Readers::open(alignment_path, fasta_path) MUST auto-detect the alignment format (via r[unified.detect_format]), open the appropriate reader, and open the FASTA reader. For CRAM, the fasta_path is passed to IndexedCramReader::open() for sequence reconstruction. For BAM/SAM, the FASTA reader is opened but not used by the alignment reader.
Readers::fork() MUST fork both the alignment reader and the FASTA reader, returning a new Readers with independent I/O handles but shared immutable state (indices, headers).
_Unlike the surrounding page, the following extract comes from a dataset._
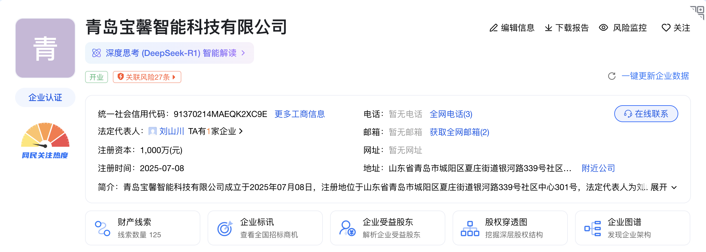 公开材料显示,近日,青岛宝馨智能科技无限公司成立,代表报酬刘山水,
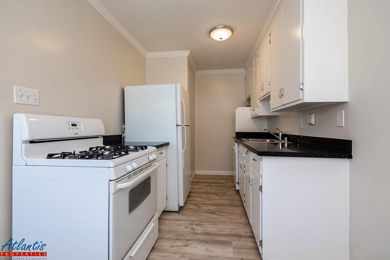 - Kitchen Features Designer Quartz Counters, Refrigerator, Gas Range/Oven, Dishwasher, Garbage Disposal & Ceiling Fan

The CRAM fork gets its own FASTA reader via IndexedFastaReader::fork().
Readers MUST expose:
header() -> &BamHeader— delegates to the alignment reader's header.fetch_into(tid, start, end, store) -> Result<usize>— delegates to the alignment reader.fasta() -> &IndexedFastaReaderandfasta_mut() -> &mut IndexedFastaReader— direct access for callers that need reference sequences independently of the alignment reader (e.g., the call pipeline's segment fetching).alignment() -> &IndexedReaderandalignment_mut() -> &mut IndexedReader— direct access when needed.
IndexedReader::open(path) MUST continue to work for BAM and SAM files without a FASTA path. CRAM detection in IndexedReader::open() MUST return an error explaining that CRAM requires a reference and suggesting Readers::open() instead. This preserves backward compatibility for code that only needs BAM/SAM.
API surface
See r[io.non_exhaustive_enums] and r[io.minimal_public_api] in general.md for the general rules. For this module, IndexedReader, FormatDetectionError, and ReaderError are the primary enums subject to r[io.non_exhaustive_enums].